Een andere aanpak is erop gericht om om het dementierisico van de gehele bevolking te verlagen. Hiermee wordt dus een klein effect beoogd binnen een grote groep. Om hoge bloeddruk als risicofactor te verminderen, zou de overheid bijvoorbeeld de toegestane hoeveelheid zout in voeding wettelijk kunnen reguleren. Dit zou een licht bloeddrukverlagend effect hebben op de gehele bevolking, waardoor ook het dementierisico afneemt. Met het oog op de preventieparadox zou dit een succesvolle aanpak kunnen zijn: mensen met een gezonde leefstijl hebben een lager dementierisico dan mensen met een ongezonde leefstijl, toch zijn er meer mensen met een gezonde leefstijl die dementie ontwikkelen, aangezien dit een grotere groep is.6 Daarom zullen maatschappijgerichte preventiemaatregelen ook van toegevoegde waarde zijn voor mensen met een gezonde leefstijl.

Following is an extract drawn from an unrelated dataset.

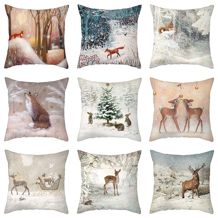 45x45cm Rabbit Elk Christmas Pillowcase Merry Christmas Decor for Home Cristmas Xmas Gift Navidad Noel Happy New Year

Vanwege vergrijzing en een hogere levensverwachting zal het aantal mensen met dementie in komende decennia blijven stijgen. Verwacht wordt dat deze toename in Europa en de VS minder groot zal zijn dan aanvankelijk was verwacht. Dit komt door de leeftijdsgebonden afname van het dementierisico in afgelopen decennia. Preventie van verschillende risicofactoren speelt hierbij een essentiële rol. Daarin kunnen de pijlen worden gericht op mensen met hoogrisicokenmerken (met een groot effect in een kleine groep) en op de gehele maatschappij (met een klein effect in een grote groep). Daarnaast is nader onderzoek naar het nog niet verklaarde aandeel van het dementierisico noodzakelijk, evenals voortzetting van het onderzoek naar amyloïdgerichte medicatie waarmee ziekteprogressie mogelijk wordt voorkomen bij mensen met preklinische dementie.